The numbering is actually quite simple. It just doesn't necessarily give you the information you seek.
Rule of thumb is as follows. The first letter usually broadly identifies the type of box. I'll use an imaginary Type "A" box, possibly even the second letter so you might have an "AB" box.  Albion then used a batch numbering system so their boxes were numbered in batches of 999 using an alphanumeric system. The first batch would be AA 001 to AA 999. The second batch would be AB 001 to AB 999, third batch AC 001 to AC 999 and so on finally up to AZ 001 to AZ 999 whereupon they would just add another letter, now AAA and start again, AAA 001 to AAA 999 then AAB 001 to AAB 999, AAC 001 to AAC 999. Finally when they arrived at AAZ they would start again at ABA to ABZ then ACA to ACZ and on it goes.
This is more of a factory internal numbering system so they could keep track of internal production than an individual box identifier. As minor variations seem to have been carried out within each batch to suit various buyers it's not necessarily much help for outsiders to identify exactly what bike an individual box was made for. Albion knew and the original buyer knew but our chances of finding out 90 years later are slim.

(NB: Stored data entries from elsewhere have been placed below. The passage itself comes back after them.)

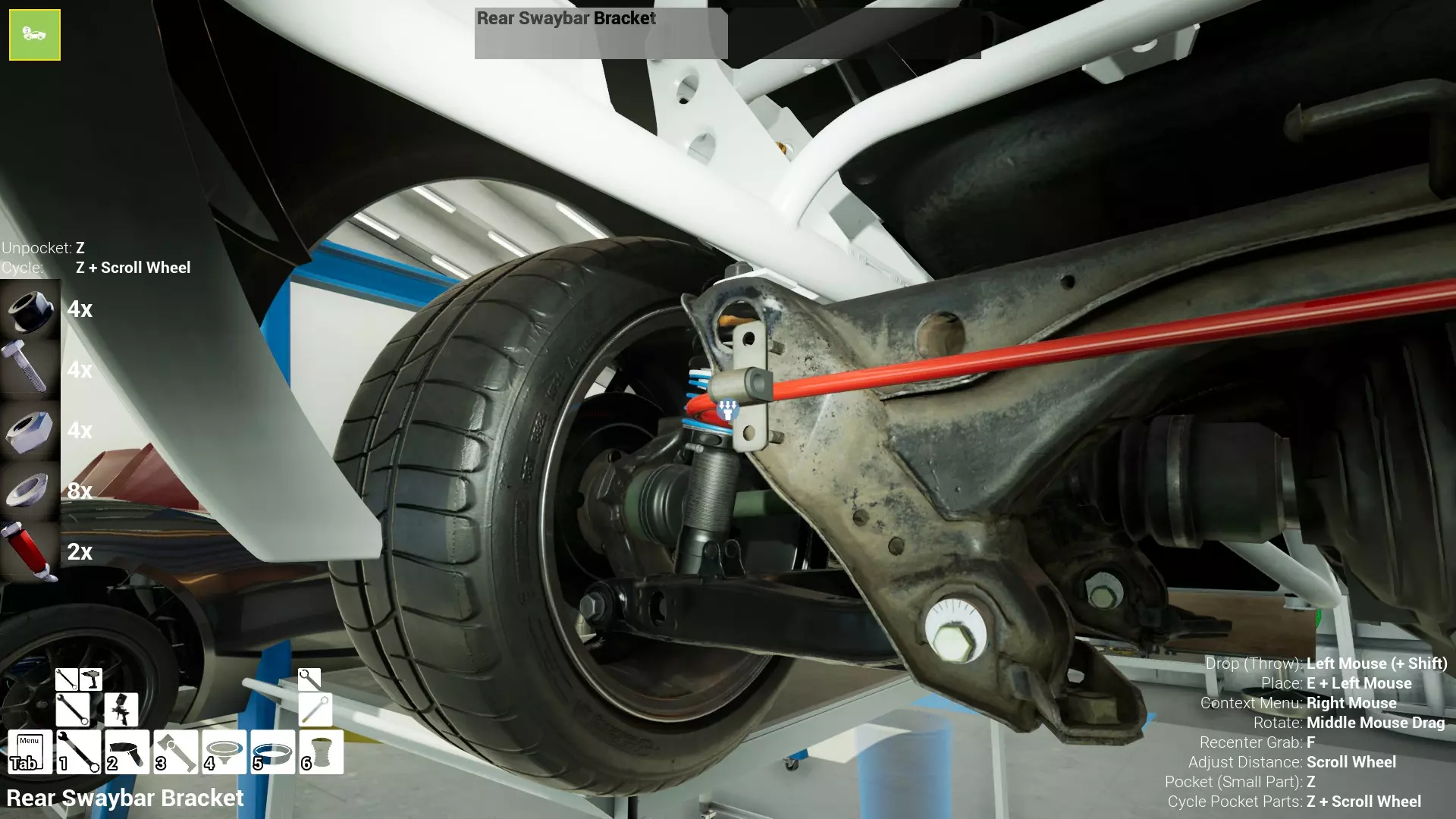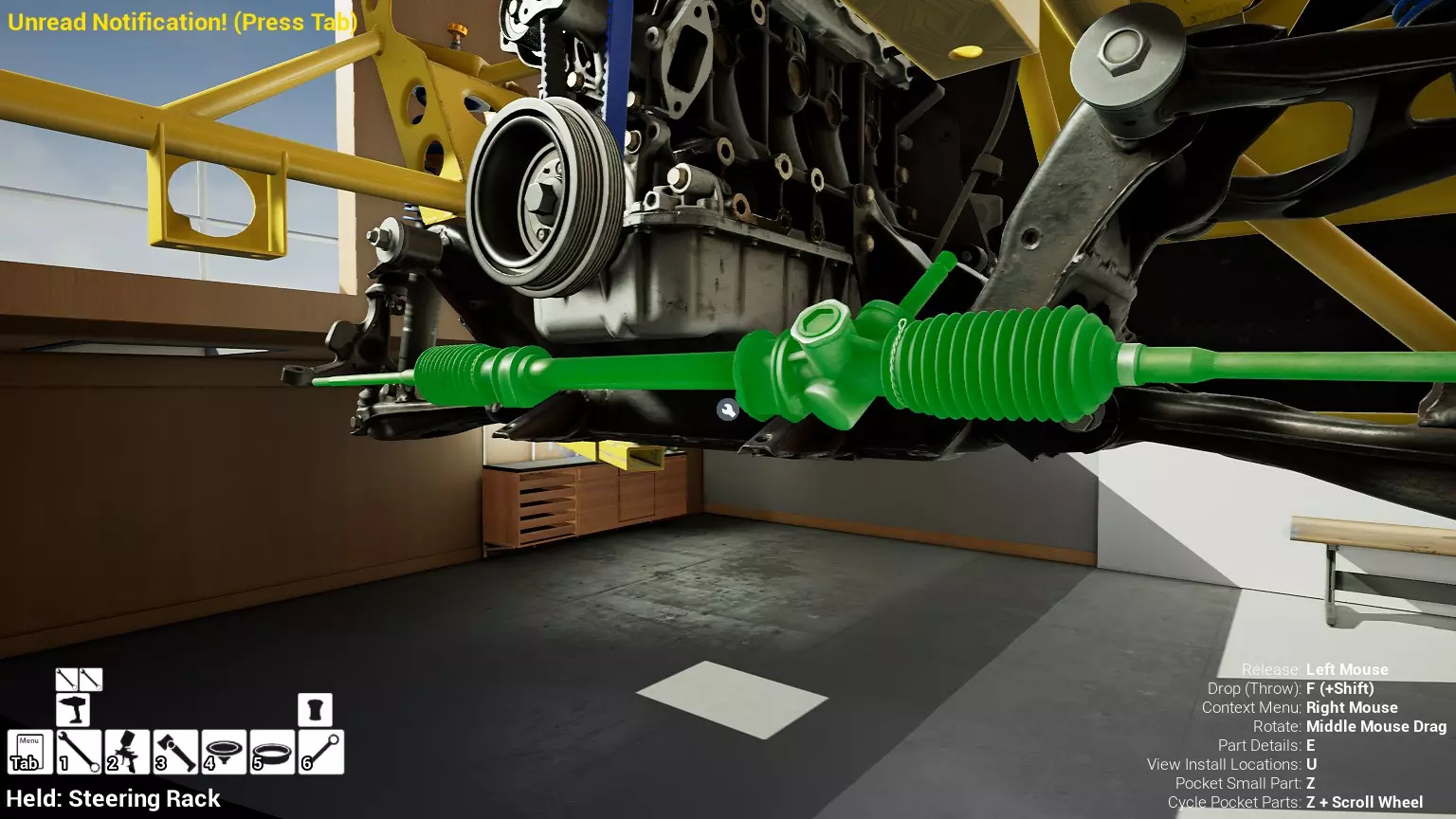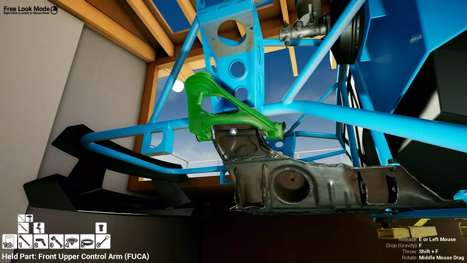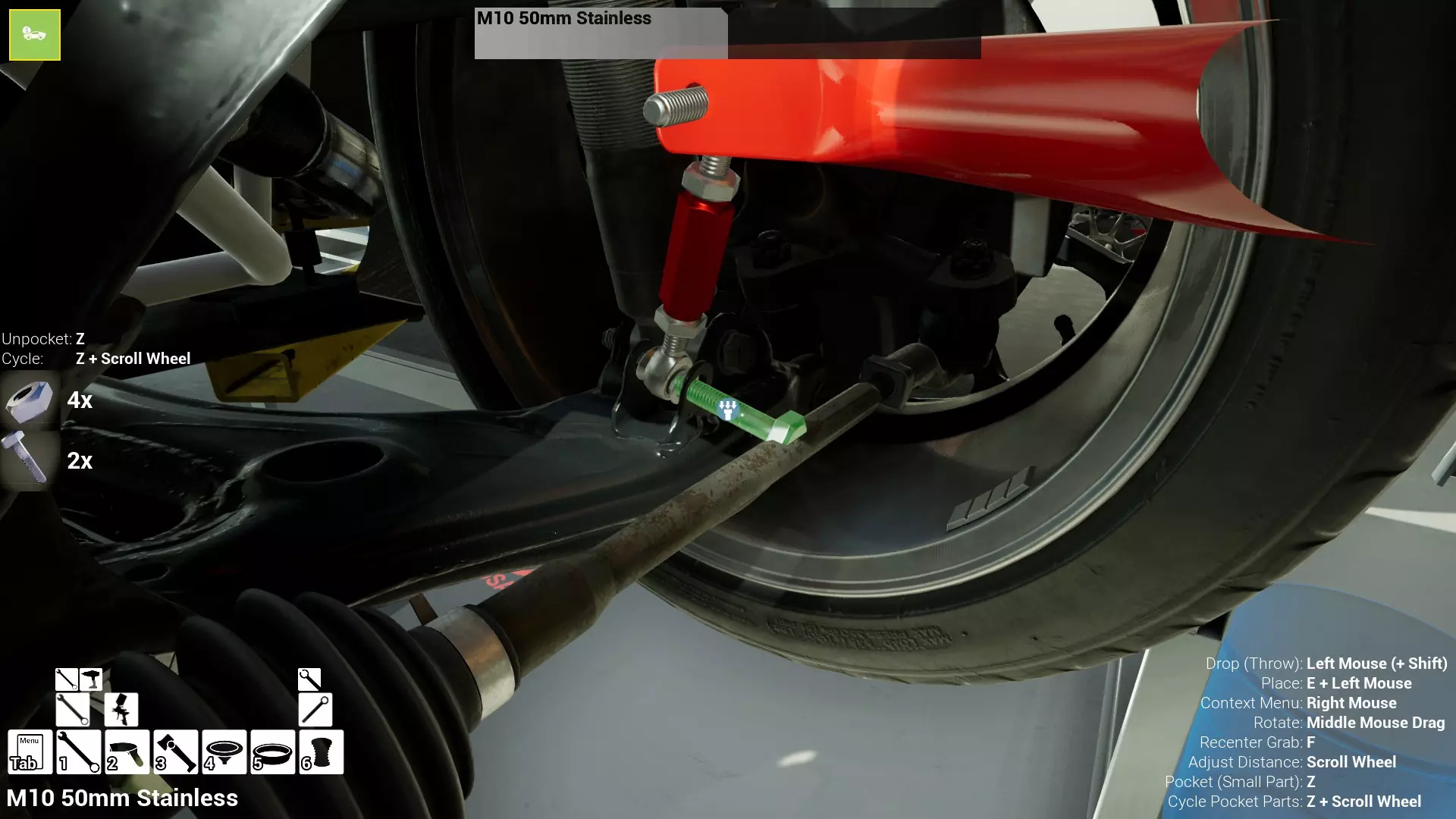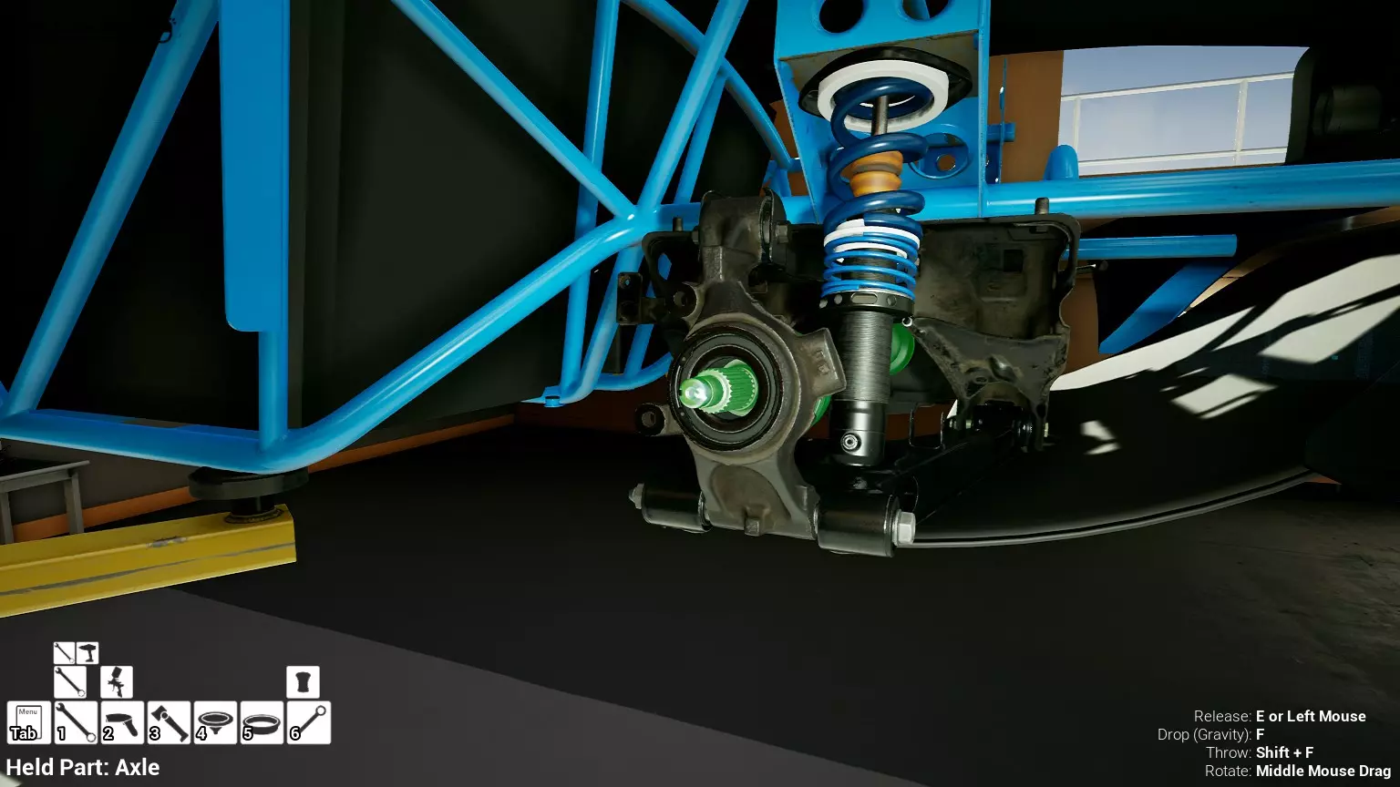 现已完全兼容141版本(2022年1月)。 本游戏处于不断变化和发展中,我一直在努力跟进并根据需要进行调整。由于开发者未提前通知,我只能通过反复试验来摸索。 不过请放心,我在将内容添加到本指南前,均已在游戏内亲自测试过所有内容,因此我确信撰写时信息是准确的。但除此之外,一切都可能随时发生变化。 请注意:游戏中并非所有可购买物品都是【磨损物品】,即它们在使用过程中不会累积磨损(至少目前不会)。 我是从一张完全空白的画布开始构建的,因此没有可重复使用的旧部件。不过,由于你很可能只是对现有的底盘进行全面检修,因此会有一些“非易损”部件可以重复使用,所以重复使用这些部件比购买新部件更合理。 因此,请仔细检查,确保你即将购买的部件确实是易损部件。你不会真的想把钱花在不需要更换的部件上。 本指南旨在帮助你从头开始构建整个底盘。 本指南不包括发动机和变速箱的安装与装配,这部分内容已在我创建的另一篇单独指南中涵盖。新的HUD系统会显示你正查看的部件,如果该部件有适用的扭矩设置,也会一并显示。 HUD现在还会列出你所查看物品的当前“磨损”程度,但这一功能仍在开发中,并非所有物品都会因使用而产生磨损。 至于旧扫描仪系统中曾有的安装说明,现在可以在独立的“手册”中找到,可通过平板电脑访问。 不过请注意,这些手册仍在完善中,因此部分内容可能存在误导。开发团队已意识到这一问题,并会及时更新和优化,但整个项目仅由两人负责,他们需要相应地优先安排时间和工作量。希望这部分内容没有让你感到过于枯燥,同时也希望它能帮助澄清一些玩家最近根据我收到的一些评论所遇到的问题。 感谢你抽出时间阅读这篇内容,也再次感谢你花时间阅读和使用这份指南。 你能购买自己的空机箱吗? 目前这个问题的简单答案是否定的。 开发者们在私下里讨论过这个问题,开发者和社区也在Discord上进行过讨论。 因此,这可能会在未来成为可用功能,但目前你还无法做到这一点。目前,最接近的方法是通过你的平板从【分类广告】中购买一辆汽车,然后自行将其拆解至只剩底盘。从这一步开始,你就可以随心所欲地对它进行操作了。 现在,底盘也不会产生任何磨损,所以无论你打算购买的汽车状况好坏,底盘都将始终保持完全相同的状态。 我只是觉得应该在这里提一下,因为这个问题经常出现。 当然,随着情况的变化,我会根据需要对这部分内容进行编辑或删除。 如何使用发动机支架和龙门吊。 这是最近很多人似乎都在纠结的问题,所以我想把这个添加到指南中。 发动机支架。你可以通过抓住支架顶部环绕着细长倒“U”形挂钩的半透明蓝色区域来升高或降低其高度,具体可参考下方截图。 当发动机放在支架上时,你还可以抓住覆盖着手柄的半透明蓝色区域,并朝着想要的方向旋转,以此来旋转发动机。你可以向任意方向旋转,且旋转的幅度没有限制。不过,本指南涵盖了整个底盘部分,包括副车架、悬架、转向系统、制动系统、车轮以及车身部件。 结合我已制作的发动机组装指南,你应该能够从头到尾打造出一整辆汽车。 我是在桌面模式下制作本指南的,因为我自己没有VR设备,所以无法保证所有信息对VR用户都100%准确。据我所知,VR模式与桌面模式的主要区别应该仅在于使用虚拟手操作而非鼠标点击,因此理论上其他所有信息都应该是通用的。如果我说错了,还请手下留情!在本指南中,我将使用全新的零件,因此如果你看到需要购买某个你已有的零件,你可以自行选择是重复使用旧零件还是购买新零件。 我决定使用全新零件,而非部分磨损的零件。这不仅能确保它们拥有最长的使用寿命,还能避免过早地再次经历零件拆卸和更换的过程。 作为参考,我所指的汽车左右两侧,是以驾驶员坐在车内并面向前方时的视角来确定的。即使你没有通读本指南,也请花点时间阅读我在末尾添加的题为【真实故事 - 引人深思】的部分。 这部分内容并非想让你对现实中自己动手修车望而却步,因为有些任务即使是新手,只要寻求并遵循专业建议和指导,也能相对轻松地完成。 不过,我想分享这个故事,是为了提醒大家,在进行维修工作时,哪怕是片刻的注意力不集中,都可能轻易演变成大麻烦。正如标题所示,这确实是一个真实的故事,引人深思。 那二三十秒的经历,我永生难忘。 在我们开始之前。需要注意的是,本指南的原始部分撰写于2019年初。从那以后,游戏和本指南都经历了多次变更,游戏内容有了大量新增和调整,本指南也相应地进行了补充和修改。让本指南一开始就引导你完成整个底盘的建造,似乎让一些新玩家感到些许困惑,他们可能在购买游戏前就阅读了本指南,或者刚购买游戏还没真正理解游戏的“运作”概念。此外,一些回归玩家可能也阅读过本指南,他们或许玩过游戏试玩版但从未购买,或者在游戏刚推出时就买了,却搁置了好几年,不了解游戏后续的发展,所以当他们最终重新进入游戏时,似乎也有些困惑。 那么我们就来澄清一下。 早在2018年12月,游戏首次在Steam抢先体验平台发布,以及2019年1月我首次撰写本指南时,玩家只需完成一些非常基础的工作,比如更换机油和轮胎,熟悉一下游戏的基本操作后,就可以完全拆解并重建自己的赛车,然后以“按场次”的方式将其出租。 这就是为什么本指南一
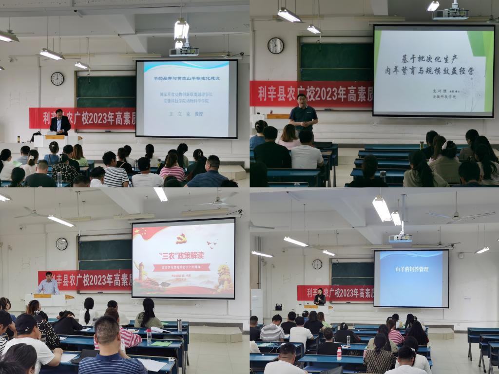 为了培养造就一批综合素质高、经营管理能力强、养殖技术过硬的黄淮山羊养殖专业家庭农场主,示范引领广大农民发展黄淮山羊养殖,发展地方优势农产品品牌,带动农民增收致富,促进农业扶贫产业转型升级、农村面貌的持续改变、农民素质不断提高,4月17日至19日,2023年利辛县高素质农民黄淮山羊养殖专业培训班在半岛app官方在线入口第一报告厅开班,继续教育学院党支部书记、院长杨维来,利辛县农广校副校长李明,利辛县农广校工作人员、村干部、养殖合作社成员共60余人参加了开班典礼。
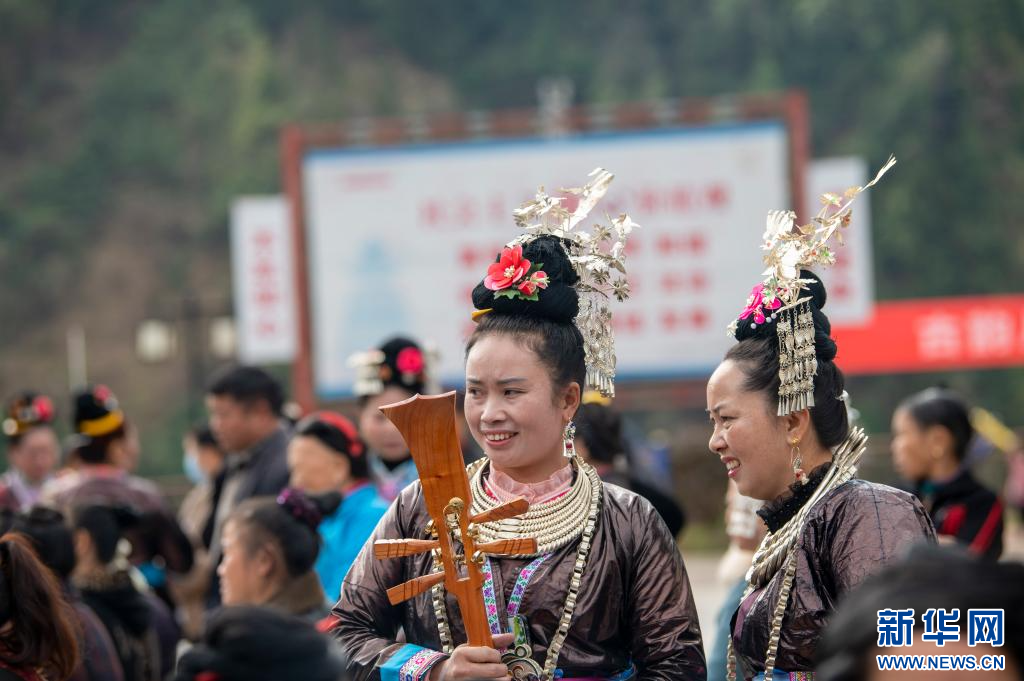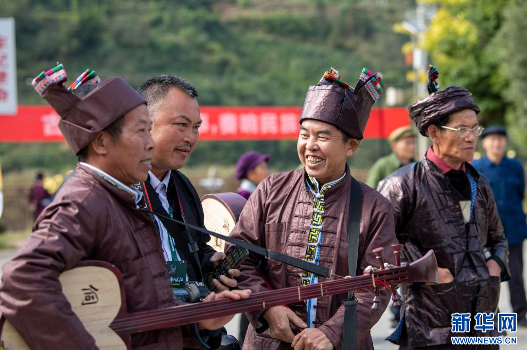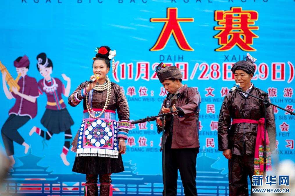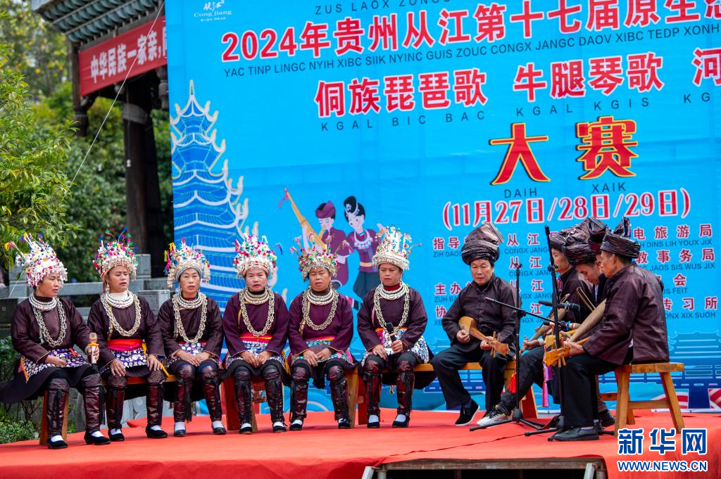 11月27日,在贵州省从江县北上鼓楼广场,一支侗族琵琶歌队在参加比赛。新华网发(吴德军 摄)

I found all this out with my 1929 2 speed Excelsior Model 1. The original box was badly cracked so I found an identical replacement and restored that. When I came to fit it I found the identical top mounting arrangements were actually 1/4" further away from the centreline than the original. The primary chain alignment was 1/4" out. It was an entertaining exercise safely moving everything to suit.
Any questions?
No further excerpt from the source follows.